The assemblers have been designed in a way that if you use RIP to be added to a value like above, that value (100 here) is changed to the distance between the instruction (next instruction to be more precise since the CPU increments RIP immediately after fetching an instruction from memory) and the value itself. For example if current instruction is in the location 30 of the program and X is as mentioned in 100, then the above instruction turns into this at time of writing the respective machine code in the output binary file:

mov 70(rip),0

On the other hand, the CPU doesn’t differentiate between RIP and any other register when confronting with such an instruction in runtime. It just sees it should access a location in memory that is 70 bytes away from the current location of RIP. It doesn’t matter what RIP is at that time, the distance between RIP and X will always be the same.
Using these two lines, the kernel code calculates the aforementioned distance between the physical address that the kernel should have been loaded at (it’s 0x1000000) and the physical address of memory location it’s loaded and running now. As I said, KASLR is disabled by default so the kernel is decompressed and loaded at the preset address which is 0x1000000.

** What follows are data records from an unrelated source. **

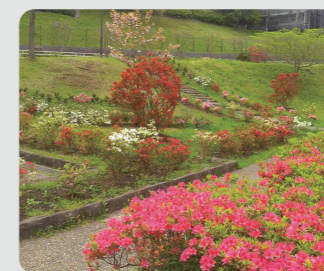
久良岐公園(港南区)
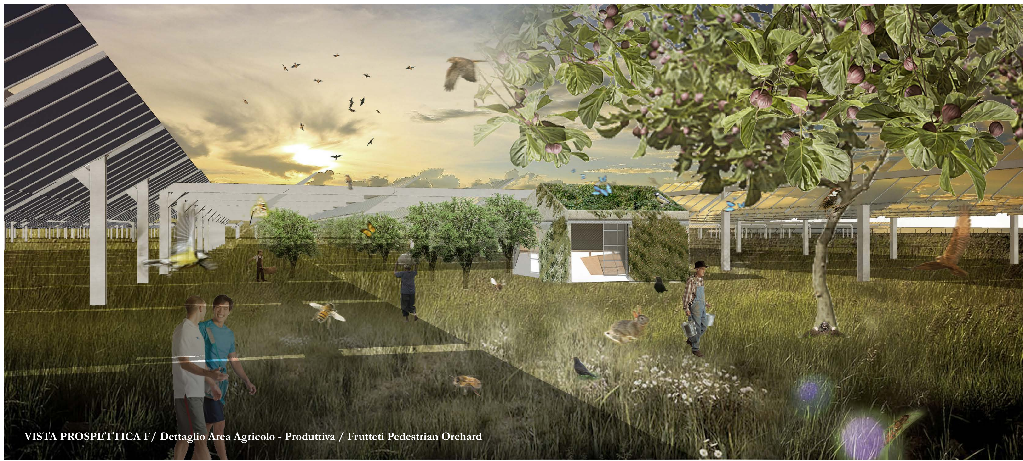
VISTA PROSPETTICA F/ Dettaglio Area Agricola - Produttiva / Frutteti Pedestrian Orchard
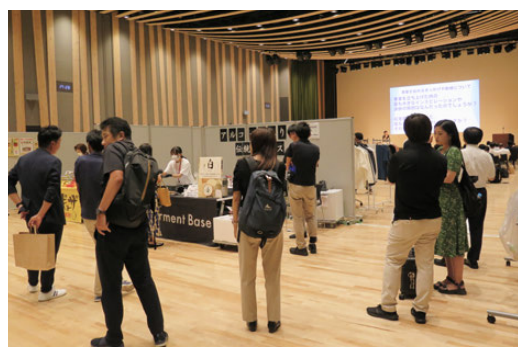
スタートアップ企業交流イベント_企業ブース
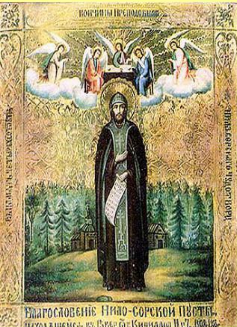
Икона преподобного Нила Сорского

«И ты, господине Иосифе, почто не испытаеть своей святости – не связа Кассиана архимандрита своею мантиею, донеже бы он сгорел, а ты в пламени его, связа, держал? И мы бы тебя, яко единого из трех отрок из пламени вышедша, приняли!»
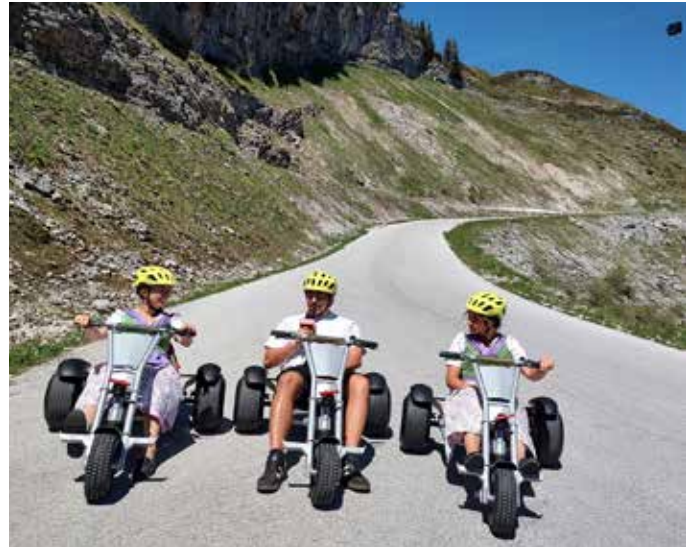
Narzissenhoheiten 2025 genießen die Mountaincart-Abfahrt beim ORF-Dreh.

In der Loseralm findet wieder 14-tägig die „Sommerlaune“ bei feinen Schmanckerln, umrahmt von Melodien der „Ausseer Tanzmusik“, statt. Das nächste Mal schon am 4. Juli, 12–15 Uhr

       leaq	_text(%rip), %rbp
	subq	$_text - __START_KERNEL_map, %rbp

The first line gets the physical address of the text section using its relative address to RIP and stores it in RBP. Then it subtracts this value from the difference of fixed compile time addresses of _text section and __START_KERNEL_map. The former is specified according to the organization of the assembly file and the custom addresses that have been defined and finally the linker script. We can simply read this address by using a debugger to verify it’s exactly what we expect:

(gdb) p &_text
$1 = 0xffffffff81000000 

The “0xffffffff8” part is the virtual relocation, we are still in physical addresses so at run time _text actually resides in 0x1000000 location. This is hardcoded physical address of the kernel after decompression.
The later is defined as:

#define __START_KERNEL_map	_AC(0xffffffff80000000, UL)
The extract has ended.